Britain’s original experience with fascism re-enforces this notion. While Oswald Mosley and the Blackshirts after 1932 are well known, the Labour Party has tended to gloss over his road there. Right up until the Labour Party conference of 1930, when Mosley was on the NEC, he got the vote of 40% of the party against its own leadership. The cause was his memorandum, a document revolutionary at the time, recommending a massive program of public works.

Philip Snowden, still wedded to the notion that the Labour Party had to tolerate unemployment to be considered seriously, drove Mosley out of the party. After the disaster of the New Party, Mosley left the country to tour Europe. By the time he returned from Italy and Germany he saw democracy as a lost cause. The rest, as they say, is history.

In 1945 Labour proved you didn’t need blood on the streets to effect change, that a transformation of British politics and society could be brought about by the democratic process, and by trusting the British public. That even the man known as the greatest Briton in history goes down to the will of the people.

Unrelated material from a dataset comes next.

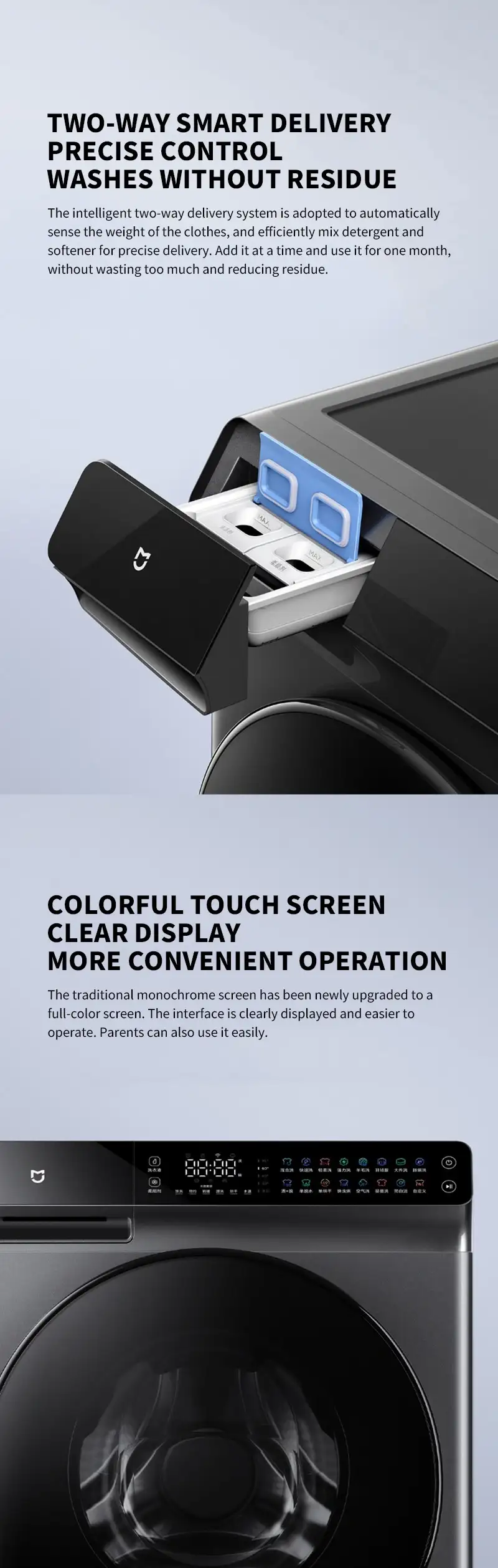 Xiaomi MJ203 cung cấp nhiều chương trình giặt thông minh, tùy chỉnh cho các loại vải và nhu cầu giặt khác nhau như giặt nhanh, giặt nhẹ, giặt đồ delicates, v.v. Những chương trình này không chỉ giúp bảo vệ quần áo mà còn tiết kiệm thời gian cho người dùng. Với khả năng điều chỉnh linh hoạt, máy giặt sấy Xiaomi MJ203 đáp ứng mọi nhu cầu giặt giũ của gia đình.

The party, buoyed by its gains last week has a fine line to walk. It cannot ignore the electorate, but echoing economics which has failed and continues to fail because Very Serious People say so is the same road to nowhere. We are lucky that the Tories have Nigel Farage stirring up trouble and knocking a few points off them.

We are lucky the BNP are led by a distasteful holocaust denier, rather than a charismatic and organised young woman. We are lucky there is only one Alex Salmond, only one George Galloway and only one Boris Johnson. We need a plan for what happens when our luck runs out.